■ **TO DO**
Copy every line of the data exactly, keeping out any picture.

■ **Records drawn from a dataset**
************

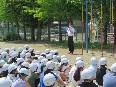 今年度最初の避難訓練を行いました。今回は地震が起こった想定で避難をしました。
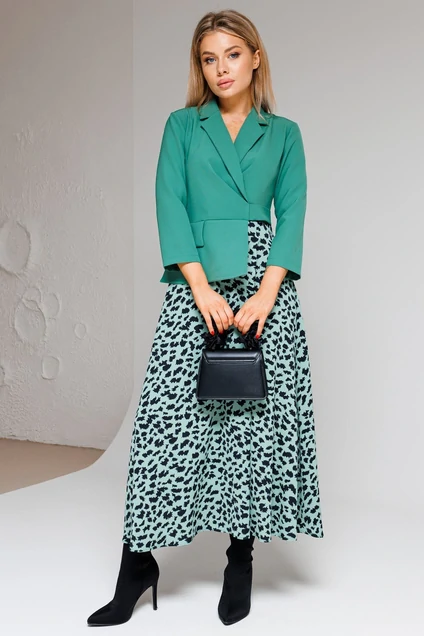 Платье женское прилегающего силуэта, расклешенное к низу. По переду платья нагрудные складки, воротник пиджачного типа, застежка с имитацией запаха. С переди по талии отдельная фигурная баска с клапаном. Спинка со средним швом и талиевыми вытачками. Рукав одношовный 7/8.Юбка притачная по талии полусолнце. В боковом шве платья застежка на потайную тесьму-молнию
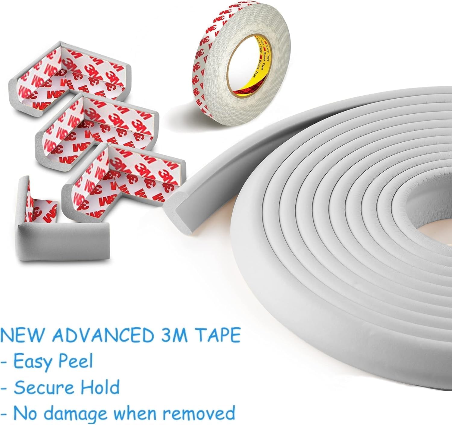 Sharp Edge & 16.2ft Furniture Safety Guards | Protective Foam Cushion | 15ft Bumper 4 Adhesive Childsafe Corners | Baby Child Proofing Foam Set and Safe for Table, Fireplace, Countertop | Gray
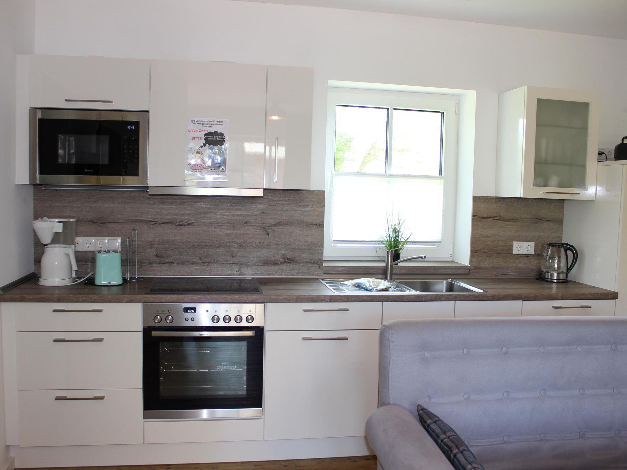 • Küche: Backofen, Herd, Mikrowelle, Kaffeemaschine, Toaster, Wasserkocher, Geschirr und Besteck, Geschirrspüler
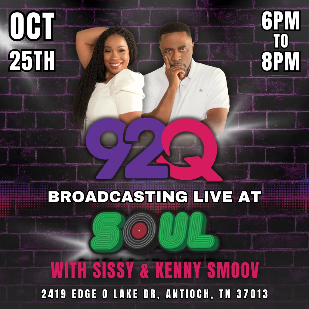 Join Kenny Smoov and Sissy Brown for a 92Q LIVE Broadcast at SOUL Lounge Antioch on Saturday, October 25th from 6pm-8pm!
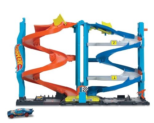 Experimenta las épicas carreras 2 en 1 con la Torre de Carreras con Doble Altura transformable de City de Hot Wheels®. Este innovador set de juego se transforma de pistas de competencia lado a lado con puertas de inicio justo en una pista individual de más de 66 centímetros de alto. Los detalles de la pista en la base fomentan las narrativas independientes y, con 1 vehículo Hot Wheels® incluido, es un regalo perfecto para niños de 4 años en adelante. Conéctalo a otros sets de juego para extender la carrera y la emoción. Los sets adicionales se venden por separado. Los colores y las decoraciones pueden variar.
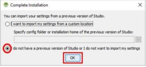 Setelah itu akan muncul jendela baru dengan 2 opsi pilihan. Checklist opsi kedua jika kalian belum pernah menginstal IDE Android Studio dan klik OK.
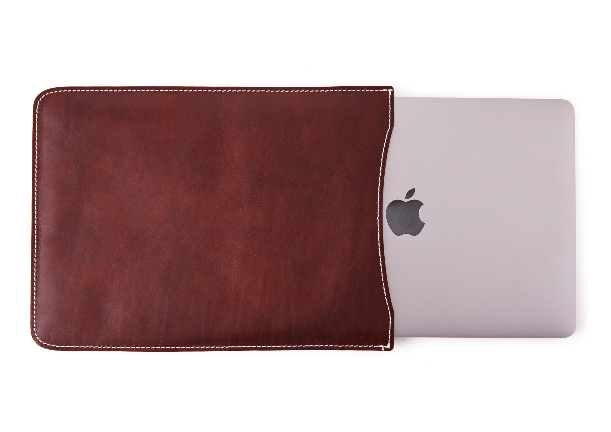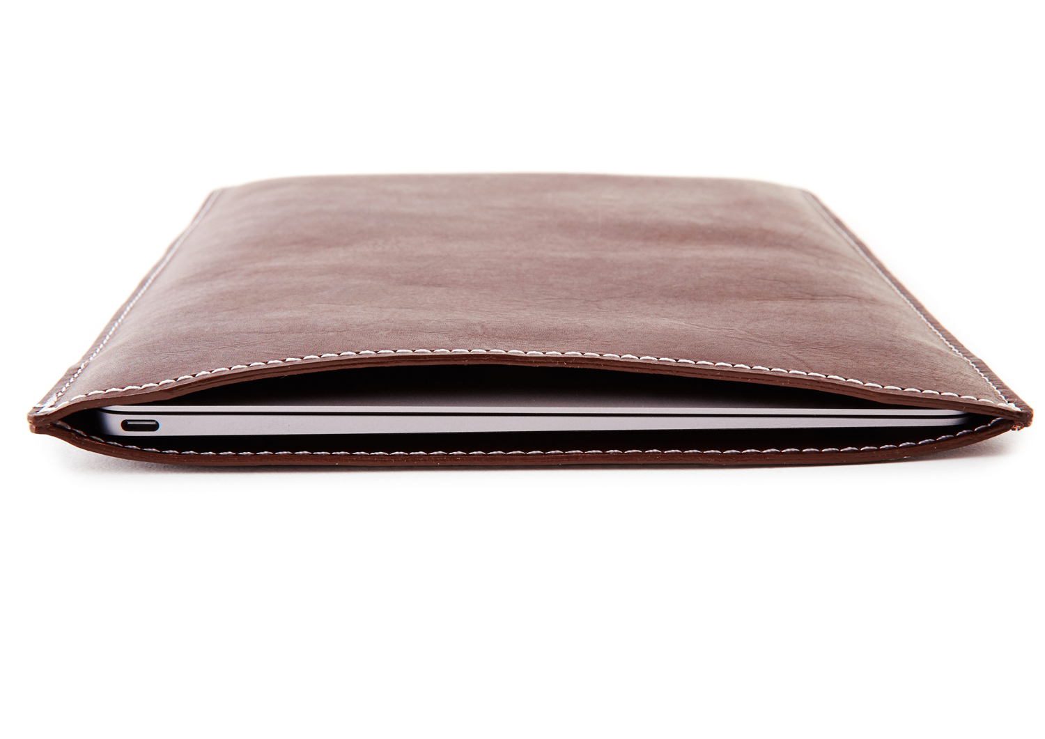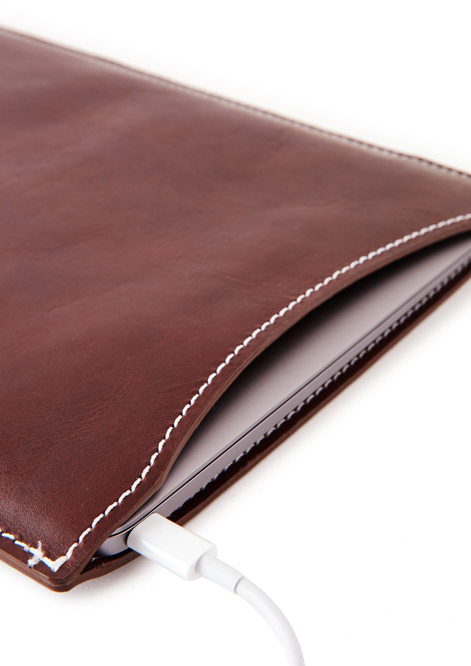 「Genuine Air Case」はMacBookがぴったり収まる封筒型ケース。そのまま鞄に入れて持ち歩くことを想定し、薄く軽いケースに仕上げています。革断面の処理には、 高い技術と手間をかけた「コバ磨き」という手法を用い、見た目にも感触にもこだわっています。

************

■ **WRITTEN ANSWER**
 今年度最初の避難訓練を行いました。今回は地震が起こった想定で避難をしました。
 Платье женское прилегающего силуэта, расклешенное к низу. По переду платья нагрудные складки, воротник пиджачного типа, застежка с имитацией запаха. С переди по талии отдельная фигурная баска с клапаном. Спинка со средним швом и талиевыми вытачками. Рукав одношовный 7/8.Юбка притачная по талии полусолнце. В боковом шве платья застежка на потайную тесьму-молнию
 Sharp Edge & 16.2ft Furniture Safety Guards | Protective Foam Cushion | 15ft Bumper 4 Adhesive Childsafe Corners | Baby Child Proofing Foam Set and Safe for Table, Fireplace, Countertop | Gray
 • Küche: Backofen, Herd, Mikrowelle, Kaffeemaschine, Toaster, Wasserkocher, Geschirr und Besteck, Geschirrspüler
 Join Kenny Smoov and Sissy Brown for a 92Q LIVE Broadcast at SOUL Lounge Antioch on Saturday, October 25th from 6pm-8pm!
 Experimenta las épicas carreras 2 en 1 con la Torre de Carreras con Doble Altura transformable de City de Hot Wheels®. Este innovador set de juego se transforma de pistas de competencia lado a lado con puertas de inicio justo en una pista individual de más de 66 centímetros de alto. Los detalles de la pista en la base fomentan las narrativas independientes y, con 1 vehículo Hot Wheels® incluido, es un regalo perfecto para niños de 4 años en adelante. Conéctalo a otros sets de juego para extender la carrera y la emoción. Los sets adicionales se venden por separado. Los colores y las decoraciones pueden variar.
 Setelah itu akan muncul jendela baru dengan 2 opsi pilihan. Checklist opsi kedua jika kalian belum pernah menginstal IDE Android Studio dan klik OK.
 「Genuine Air Case」はMacBookがぴったり収まる封筒型ケース。そのまま鞄に入れて持ち歩くことを想定し、薄く軽いケースに仕上げています。革断面の処理には、 高い技術と手間をかけた「コバ磨き」という手法を用い、見た目にも感触にもこだわっています。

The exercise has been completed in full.